Work instructions: Please output all the entries word for word, without the pictures.

--- Records for this exercise Enclosed Below ---

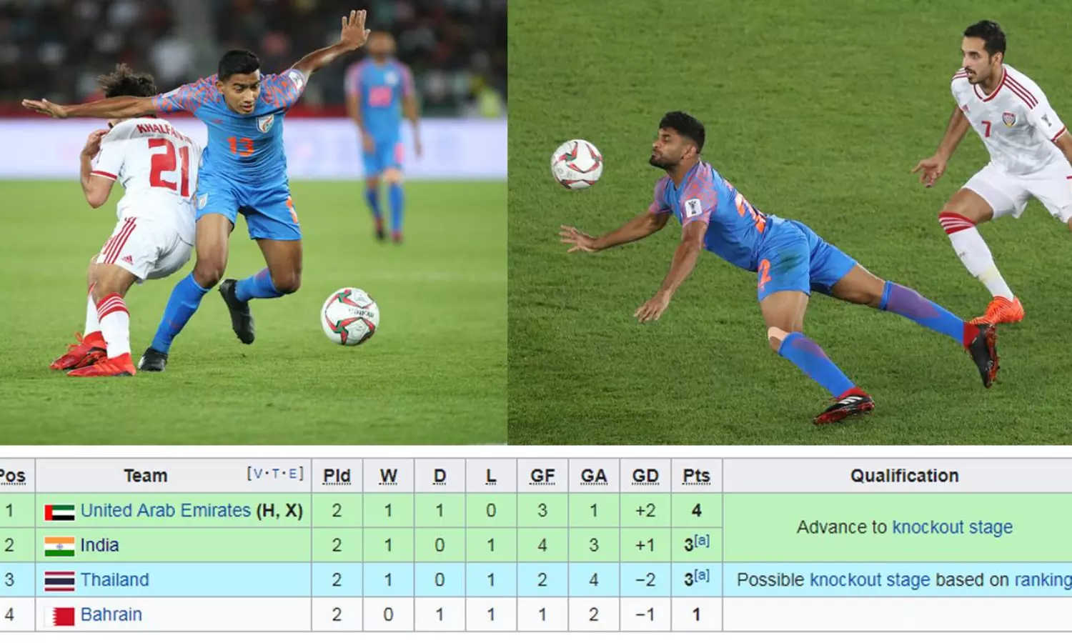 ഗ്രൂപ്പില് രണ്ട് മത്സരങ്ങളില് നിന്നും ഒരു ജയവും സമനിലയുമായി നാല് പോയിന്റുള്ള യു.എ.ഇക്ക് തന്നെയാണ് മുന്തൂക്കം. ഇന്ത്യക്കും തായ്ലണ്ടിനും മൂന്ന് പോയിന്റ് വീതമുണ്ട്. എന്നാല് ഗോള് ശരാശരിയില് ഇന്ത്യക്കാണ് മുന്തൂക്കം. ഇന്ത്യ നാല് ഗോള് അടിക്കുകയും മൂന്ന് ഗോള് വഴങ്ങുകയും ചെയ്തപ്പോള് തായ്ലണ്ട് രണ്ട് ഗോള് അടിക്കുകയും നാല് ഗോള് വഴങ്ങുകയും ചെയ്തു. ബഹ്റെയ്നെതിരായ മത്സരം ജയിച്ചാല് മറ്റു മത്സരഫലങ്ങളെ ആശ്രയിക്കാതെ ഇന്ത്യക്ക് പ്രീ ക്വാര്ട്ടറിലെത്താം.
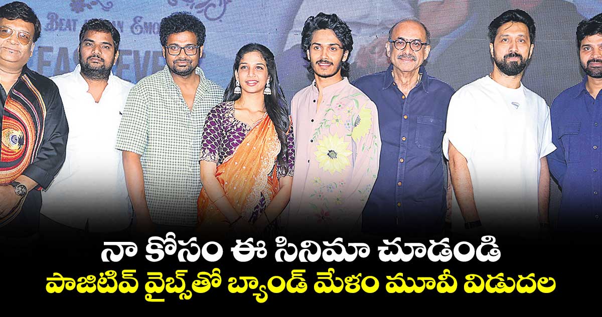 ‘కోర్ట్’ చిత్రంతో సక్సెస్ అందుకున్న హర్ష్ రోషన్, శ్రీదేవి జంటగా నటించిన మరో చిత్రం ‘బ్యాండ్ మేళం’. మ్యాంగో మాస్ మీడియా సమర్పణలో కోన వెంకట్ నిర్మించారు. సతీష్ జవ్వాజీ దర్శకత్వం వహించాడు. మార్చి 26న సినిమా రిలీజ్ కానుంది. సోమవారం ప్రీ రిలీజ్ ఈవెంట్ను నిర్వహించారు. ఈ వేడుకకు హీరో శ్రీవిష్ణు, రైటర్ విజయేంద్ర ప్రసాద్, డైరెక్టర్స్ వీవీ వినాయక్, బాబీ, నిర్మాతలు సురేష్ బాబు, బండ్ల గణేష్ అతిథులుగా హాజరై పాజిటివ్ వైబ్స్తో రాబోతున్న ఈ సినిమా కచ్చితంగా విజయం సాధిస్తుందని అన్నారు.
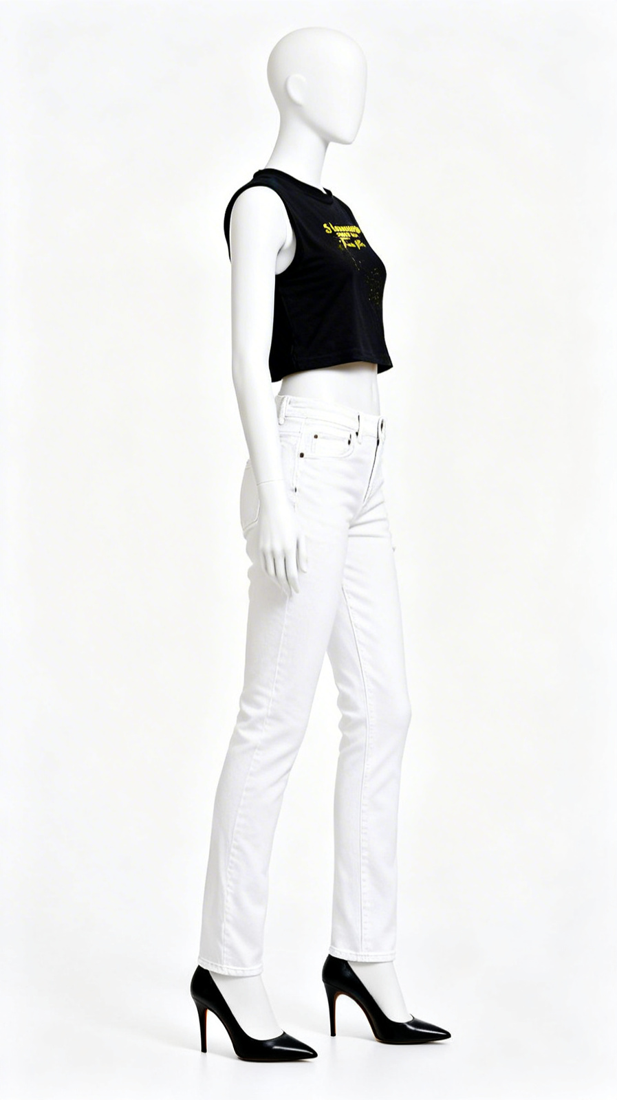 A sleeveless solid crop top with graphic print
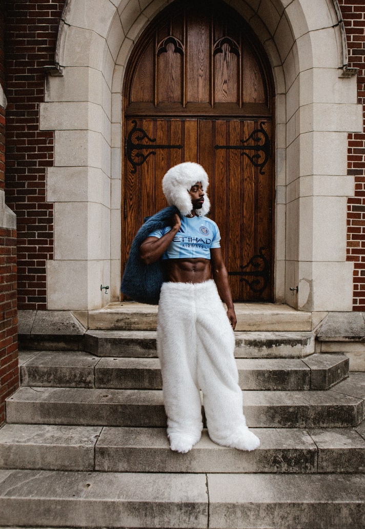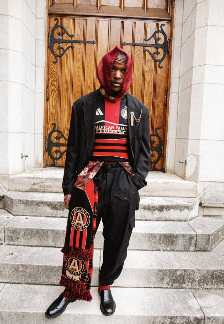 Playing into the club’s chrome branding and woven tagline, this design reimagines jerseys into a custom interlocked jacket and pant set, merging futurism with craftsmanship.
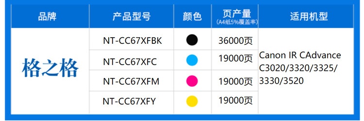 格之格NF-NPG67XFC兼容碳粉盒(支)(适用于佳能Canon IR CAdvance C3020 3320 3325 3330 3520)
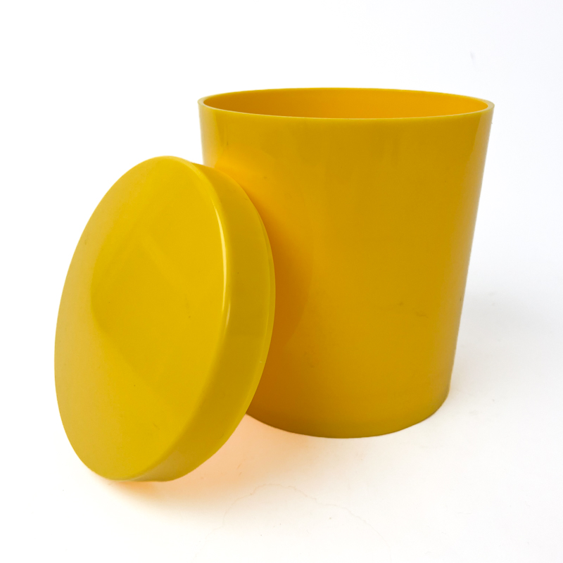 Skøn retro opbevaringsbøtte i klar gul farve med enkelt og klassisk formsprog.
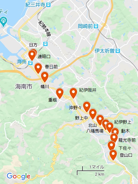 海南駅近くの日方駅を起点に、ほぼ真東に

--- End of Enclosed Records for this exercise ---

Written response:
 ഗ്രൂപ്പില് രണ്ട് മത്സരങ്ങളില് നിന്നും ഒരു ജയവും സമനിലയുമായി നാല് പോയിന്റുള്ള യു.എ.ഇക്ക് തന്നെയാണ് മുന്തൂക്കം. ഇന്ത്യക്കും തായ്ലണ്ടിനും മൂന്ന് പോയിന്റ് വീതമുണ്ട്. എന്നാല് ഗോള് ശരാശരിയില് ഇന്ത്യക്കാണ് മുന്തൂക്കം. ഇന്ത്യ നാല് ഗോള് അടിക്കുകയും മൂന്ന് ഗോള് വഴങ്ങുകയും ചെയ്തപ്പോള് തായ്ലണ്ട് രണ്ട് ഗോള് അടിക്കുകയും നാല് ഗോള് വഴങ്ങുകയും ചെയ്തു. ബഹ്റെയ്നെതിരായ മത്സരം ജയിച്ചാല് മറ്റു മത്സരഫലങ്ങളെ ആശ്രയിക്കാതെ ഇന്ത്യക്ക് പ്രീ ക്വാര്ട്ടറിലെത്താം.
 ‘కోర్ట్’ చిత్రంతో సక్సెస్ అందుకున్న హర్ష్ రోషన్, శ్రీదేవి జంటగా నటించిన మరో చిత్రం ‘బ్యాండ్ మేళం’. మ్యాంగో మాస్ మీడియా సమర్పణలో కోన వెంకట్ నిర్మించారు. సతీష్ జవ్వాజీ దర్శకత్వం వహించాడు. మార్చి 26న సినిమా రిలీజ్ కానుంది. సోమవారం ప్రీ రిలీజ్ ఈవెంట్ను నిర్వహించారు. ఈ వేడుకకు హీరో శ్రీవిష్ణు, రైటర్ విజయేంద్ర ప్రసాద్, డైరెక్టర్స్ వీవీ వినాయక్, బాబీ, నిర్మాతలు సురేష్ బాబు, బండ్ల గణేష్ అతిథులుగా హాజరై పాజిటివ్ వైబ్స్తో రాబోతున్న ఈ సినిమా కచ్చితంగా విజయం సాధిస్తుందని అన్నారు.
 A sleeveless solid crop top with graphic print
 Playing into the club’s chrome branding and woven tagline, this design reimagines jerseys into a custom interlocked jacket and pant set, merging futurism with craftsmanship.
 格之格NF-NPG67XFC兼容碳粉盒(支)(适用于佳能Canon IR CAdvance C3020 3320 3325 3330 3520)
 Skøn retro opbevaringsbøtte i klar gul farve med enkelt og klassisk formsprog.
 海南駅近くの日方駅を起点に、ほぼ真東に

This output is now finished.